The information that ‘builds’ us online often reveals far more than we realise. And it does so with surprising accuracy. When analysed as a whole, these behavioural patterns reveal:

  • daily habits
  • tastes and preferences
  • social circles and relationships
  • implicit information – details we have never explicitly stated but which emerge from our behaviour

It is a digital portrait that, in many cases, knows more about us than we consciously remember.

 

Personal data and sensitive data: they are not all the same

To protect your digital identity, you must first understand how the data that makes it up is classified. Not all data carries the same weight, nor the same level of risk.

 

Personal data

This is data that allows us to be identified, even indirectly. It is not particularly sensitive, yet its quantity and combination can reveal a great deal.

We are talking about details such as:

  • first name and surname
  • home address
  • telephone number

Individual details that appear harmless but, when put together, become an excellent starting point for building a profile.

 

Special (or sensitive) data

Here we enter a more delicate sphere. This is intimate, revealing information that can lead to discrimination or cause real harm if it falls into the wrong hands.

This category includes:

  • health status
  • political views
  • religious beliefs

Protecting this data requires stronger measures and a much greater level of awareness.

 

The power of correlation: where the real risk lies

The main problem is not the individual piece of data, but the ability of platforms to piece together different fragments to reconstruct complex identities. This is where algorithmic profiling comes into play.

Correlation allows us to move from scattered information to an extremely detailed model of our lives:

  • who we are
  • how we behave
  • what we desire
  • what we are likely to do in the future

From a cybersecurity perspective, this is a critical scenario. An attacker who manages to steal several ‘minor’ fragments, perhaps gathered from different sources and breaches, can:

  • launch perfectly targeted social engineering attacks
  • impersonate us
  • access services in our name
  • compromise personal and business accounts

This is how identity theft arises. Not from a single piece of stolen data, but from many small pieces of data which, when combined, tell a complete story.

 

How to truly protect your digital identity

Protection doesn’t happen by chance. It requires an active, continuous, and thoughtful approach.

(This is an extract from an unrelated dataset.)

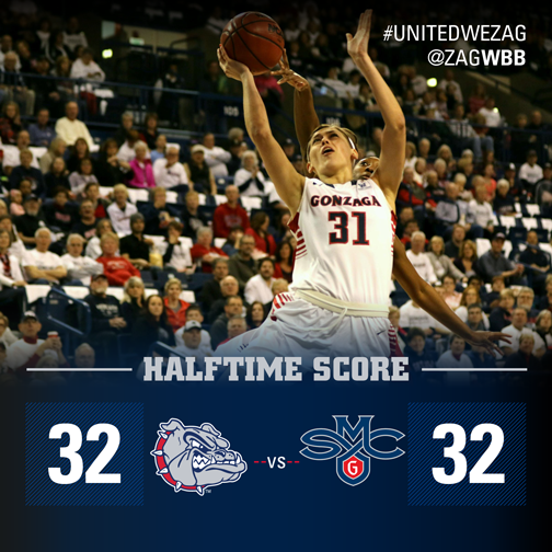 It's halftime here in The Kennel! @ZagWBB and Saint Mary's are tied up at 32. #UnitedWeZagpic.twitter.com/PT1DYww7d8

Here are the three most important principles.

  1. Data minimisation

Whenever an app or service asks for data, the question to ask is: does it really need it?

Anything that isn’t necessary for the service to function is an avoidable risk. A torch app that wants access to your contacts. A mapping app that asks for your photo gallery. A free service that asks for everything.

The less data we hand over, the less material there is to build our profile.

  1. Awareness of digital traces

Incognito browsing, selective cookie management, the use of VPNs and privacy-oriented browsers are simple tools that significantly reduce your digital footprint.

They do not eliminate tracking, but they limit it. And in this field, limiting it is already a significant achievement.

  1. Protection of sensitive data

Sensitive information deserves superior protection:

  • end-to-end encryption
  • multi-factor authentication
  • secure systems for managing health records
  • minimal sharing and maximum caution regarding the devices used to access them

Not all data is the same. And not all of it needs to travel through the same channels.

 

In conclusion

Our digital identity is not merely a collection of bureaucratic entries. It is a complex and detailed mosaic that reflects who we are, what we do and what we think. Protecting it is not just a regulatory obligation, but an act of self-defence in an environment where any piece of information can become a point of vulnerability.

In an interconnected world, security is no longer just a technological issue. It is a matter of personal awareness. It is the ability to understand what traces we leave behind, how they are collected and what they can reveal about us.

The more we know about our digital identity, the better we are able to defend it.